The response should contain only the line with "CRIC数据显示,全国重点6" and every line after it to the end of the listing below, duplicated exactly; no picture belongs in it.
### INFORMATION SUPPLIED ###
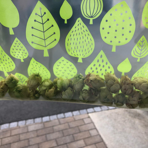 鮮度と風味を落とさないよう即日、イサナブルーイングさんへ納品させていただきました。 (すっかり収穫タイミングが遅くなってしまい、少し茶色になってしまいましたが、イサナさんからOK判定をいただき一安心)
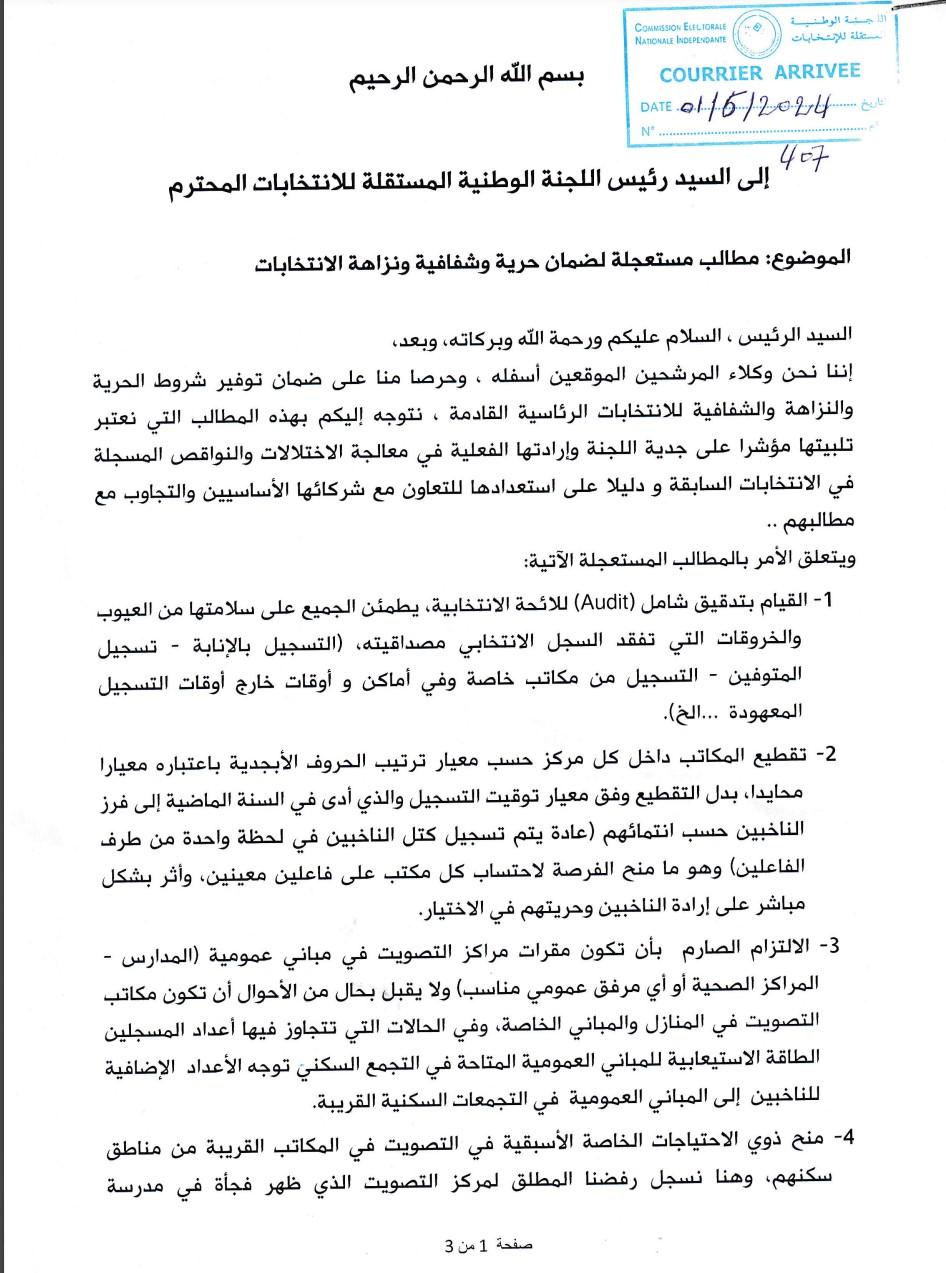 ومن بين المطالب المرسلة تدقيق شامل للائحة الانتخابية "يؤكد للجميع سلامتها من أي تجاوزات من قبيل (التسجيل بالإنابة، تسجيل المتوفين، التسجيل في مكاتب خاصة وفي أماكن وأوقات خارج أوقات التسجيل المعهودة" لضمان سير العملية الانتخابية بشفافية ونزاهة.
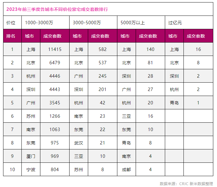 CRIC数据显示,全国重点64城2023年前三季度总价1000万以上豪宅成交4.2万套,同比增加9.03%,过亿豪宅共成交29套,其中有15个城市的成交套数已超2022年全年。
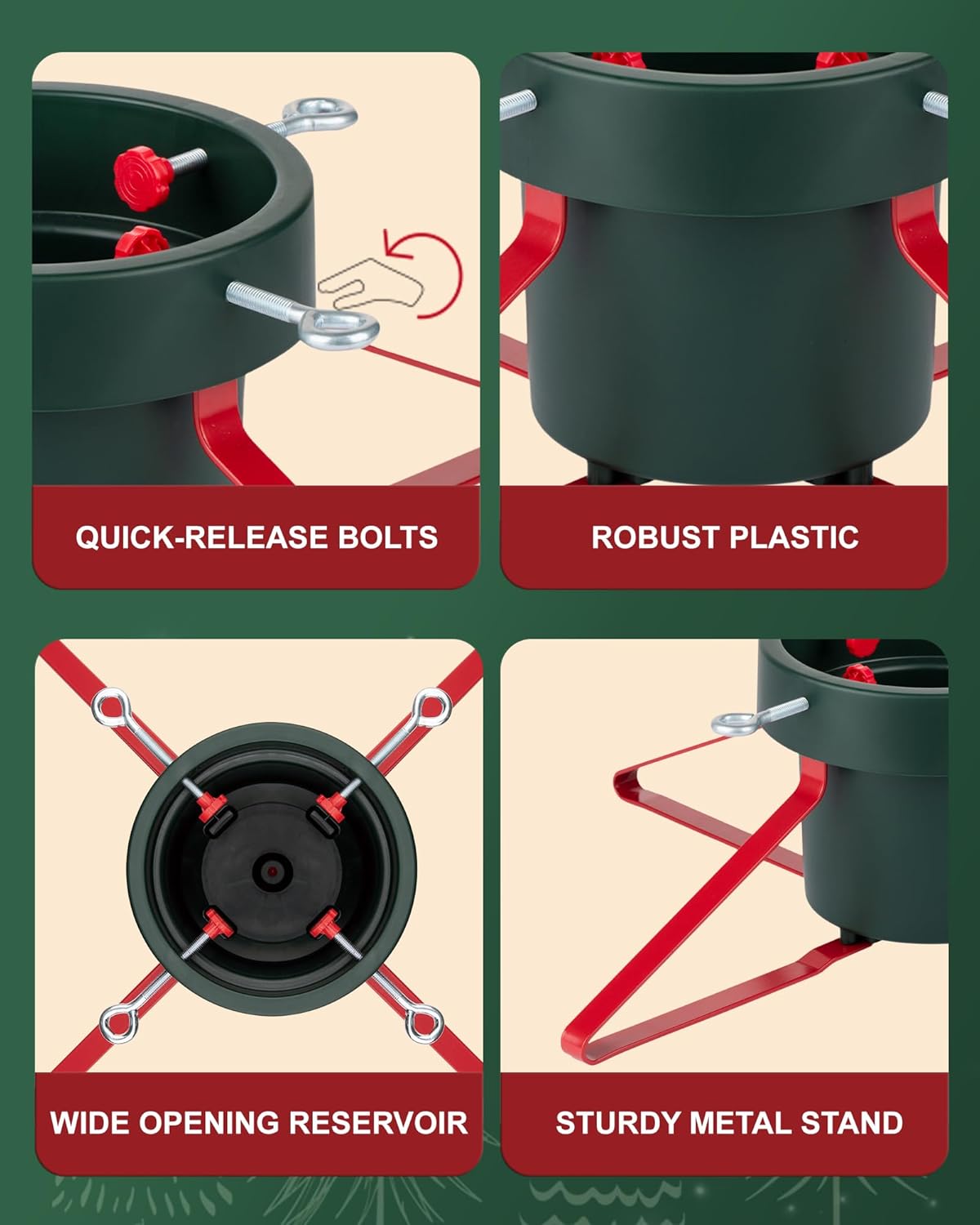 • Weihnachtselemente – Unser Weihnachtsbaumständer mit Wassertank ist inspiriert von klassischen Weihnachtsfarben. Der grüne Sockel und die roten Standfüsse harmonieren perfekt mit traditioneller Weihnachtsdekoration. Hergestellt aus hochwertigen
###
**THE ANSWER:**
 CRIC数据显示,全国重点64城2023年前三季度总价1000万以上豪宅成交4.2万套,同比增加9.03%,过亿豪宅共成交29套,其中有15个城市的成交套数已超2022年全年。
 • Weihnachtselemente – Unser Weihnachtsbaumständer mit Wassertank ist inspiriert von klassischen Weihnachtsfarben. Der grüne Sockel und die roten Standfüsse harmonieren perfekt mit traditioneller Weihnachtsdekoration. Hergestellt aus hochwertigen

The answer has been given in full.